Single by Kylie Minogue

from the album Impossible Princess
- B-side: "Love Takes Over Me"
- Released: 5 October 1998
- Studio: Real World (Box, England)
- Genre: Celtic pop; folktronica;
- Length: 4:44
- Label: BMG; Deconstruction; Mushroom;
- Songwriters: Kylie Minogue; Steve Anderson; Dave Seaman;
- Producer: Brothers in Rhythm

Kylie Minogue singles chronology
| "Breathe" (1998) | "Cowboy Style" (1998) | "Spinning Around" (2000) |

Audio
- "Cowboy Style" on YouTube

= Cowboy Style =

1998 single by Kylie Minogue

"Cowboy Style" is a song recorded by Australian singer and songwriter Kylie Minogue, for her sixth studio album Impossible Princess (1997). The song was released as the fourth and final single in Australia only on 5 October 1998 through Mushroom Records. Minogue wrote the track with Steve Anderson and Dave Seaman while Brothers in Rhythm produced it.
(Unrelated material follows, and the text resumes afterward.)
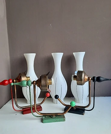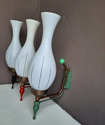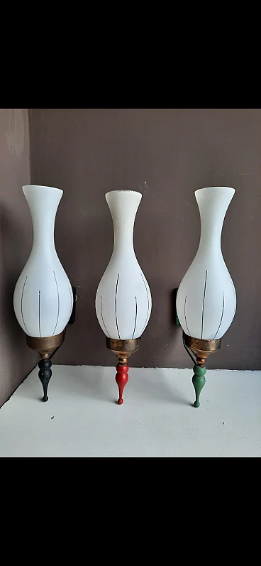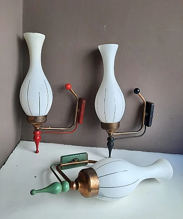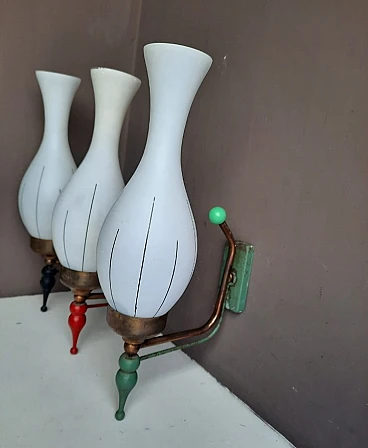 3 glass and enameled metal wall sconces, 1960s
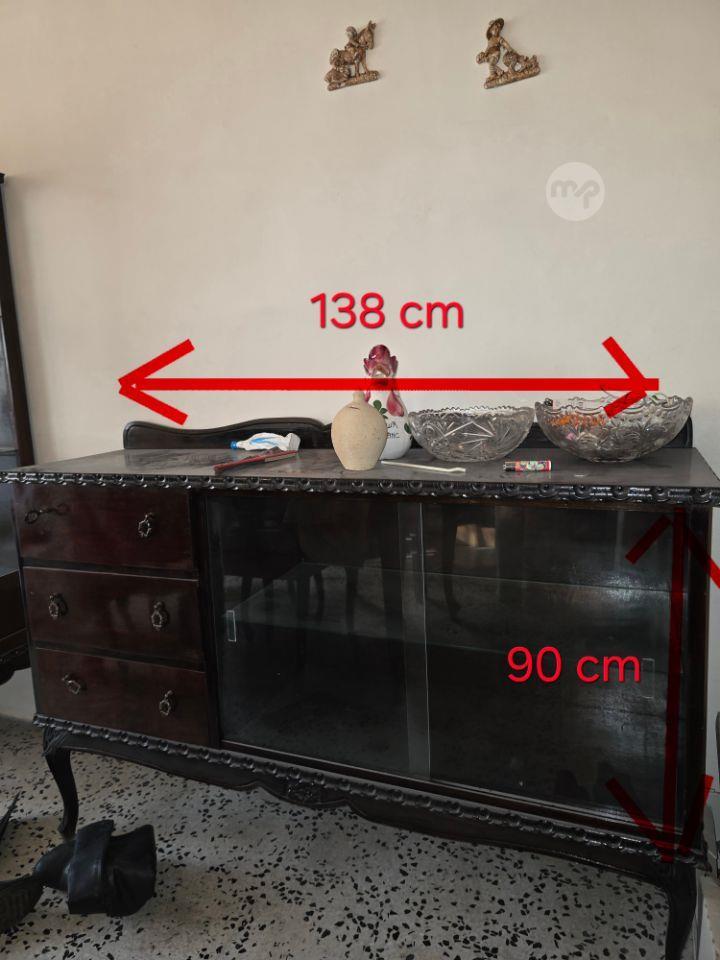 wood sideboard with three drawers and a glass sliding door cabinet section.

Backed by guitars, synthesisers and drum instruments, "Cowboy Style" is a Celtic pop track in which Minogue sings about her relationship with her then-boyfriend, French director Stephane Sednaoui. Critical response to "Cowboy Style" was positive, with praise driven to Minogue's songwriting and the song's composition; some critics highlighted it as a career stand-out track. Released in Australia and New Zealand, the song charted at number 39 on the Australian Singles Chart.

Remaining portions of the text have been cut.